Bach Dancing & Dynamite Society capped its 2014 season with a program at the charming Stoughton Opera House on Saturday. The program presented two chamber-music masterpieces, interspersed with two light works.
The first was a set of three short pieces by the Argentinian composer Ángel Lasala (1914-2000), titled Poema del Pastor Coya, composed for flute and piano. The first two movements are dreamy and melodious, the third a boisterous dance. This was an ideal display piece for flutist Stephanie Jutt, with Randall Hodgkinson accompanying.
More frankly fluff was a "Fantasy on Themes" from The Wizard of Oz for piano four hands, by one William Hirtz. For this Hodgkinson joined Jeffrey Sykes. It was used for some visual clowning and was hardly to be taken seriously from the outset: better to see the movie itself.
But then there were the two masterpieces. The first was Maurice Ravel's fascinating Sonata for Violin and Cello. Substantial (four-movement) works for this spare scoring by major composers are very rare indeed. (There is one by Kodály.) Ever the consummate craftsman, Ravel liked to visit each chamber configuration only once, and in this case he showed a remarkable ear for exploring the range and character of each of the two instruments.
At times, especially in its scherzo, we can hear the same touches that fill Ravel's single String Quartet. Only in its slow movement (and maybe bits of its finale) did the two instruments suggest the concord of a normal "duet." Instead, for most of the work, it was as if each was a speaker talking about the same things, but in different ways, and at the same time. It's an extraordinary piece of original creativity. Violinist Axel Strauss and cellist Jean-Michel Fonteneau had its formidable technical demands in full control for a dazzling and superbly shaped performance.

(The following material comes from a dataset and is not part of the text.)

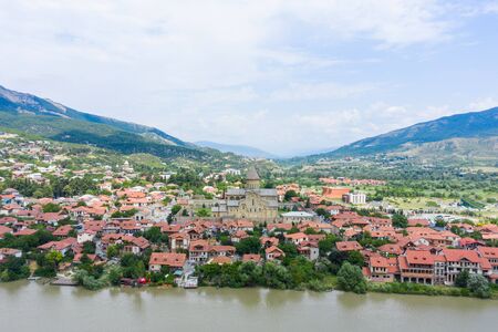 Panoramic beautiful aerial view of Mtskheta town with the rivers Kura and Aragvi in Georgia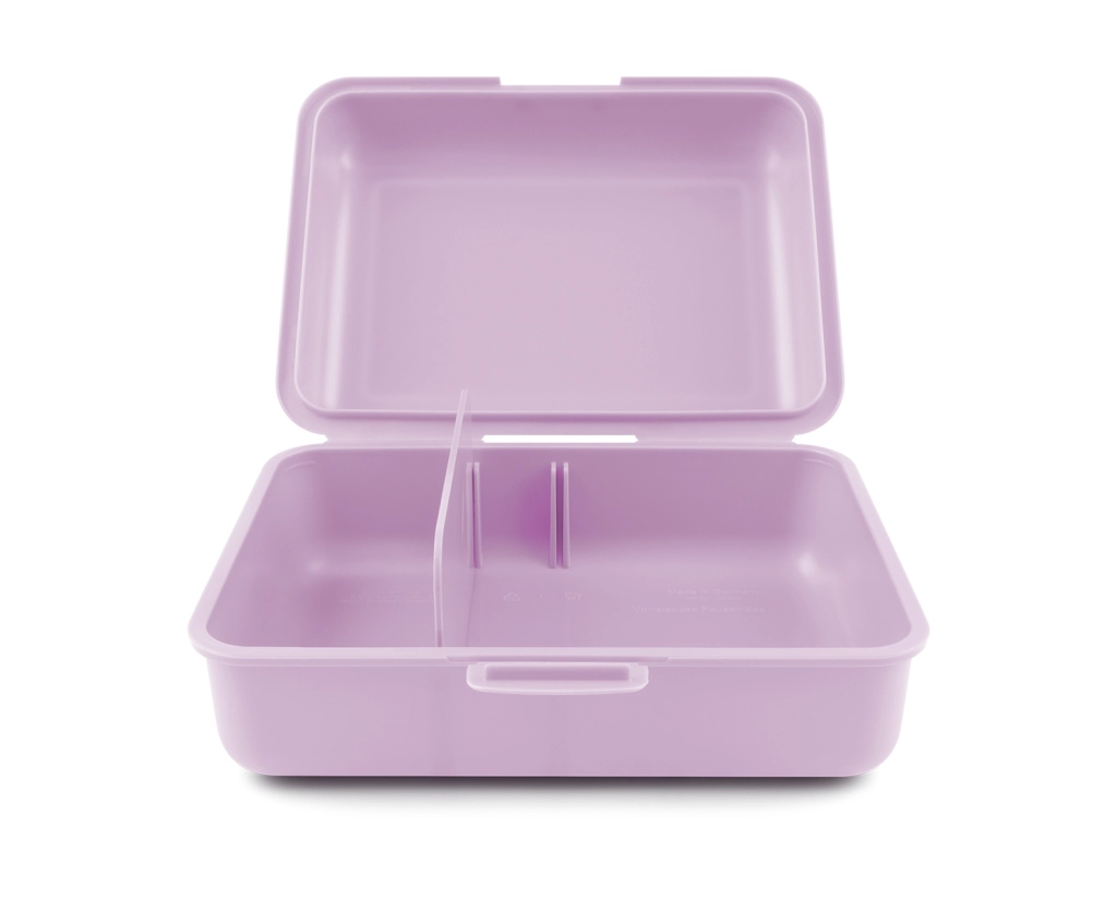 Вътрешният разделител позволява да отделите плодове, хлебни изделия или зеленчуци, така че отделните части на закуската да не се смесват. Кутията е лека, компактна и лесно се побира в ученическа чанта или раница.

After the intermission Sykes joined these two string players, with whom he constitutes his home group, the San Francisco Piano Trio. Their vehicle was the Trio in F minor, Op. 65, of Antonín Dvorák. This composer still is not sufficiently recognized as among the top masters of chamber music (along with Mozart, Beethoven, Schubert and Brahms). His F-minor Trio is not as well known as the subsequent Op. 90, but it richly deserves wider advocacy, such as that so fervently lavished on it by our San Franciscans. Its wing movements are wonderful examples of intricate yet compelling construction. The scherzo is an intriguing venture in metric trickery, and the slow movement is a thing of melting beauty. With this, the Bach Dancing crew once again demonstrated its capacity for making us aware of what treasures the chamber-music literature has to offer.
The audience was undersized, perhaps due to the distractions of Rhythm & Booms. But the program will be repeated on Sunday, June 29, at Taliesin's Hillside Theater in Spring Green.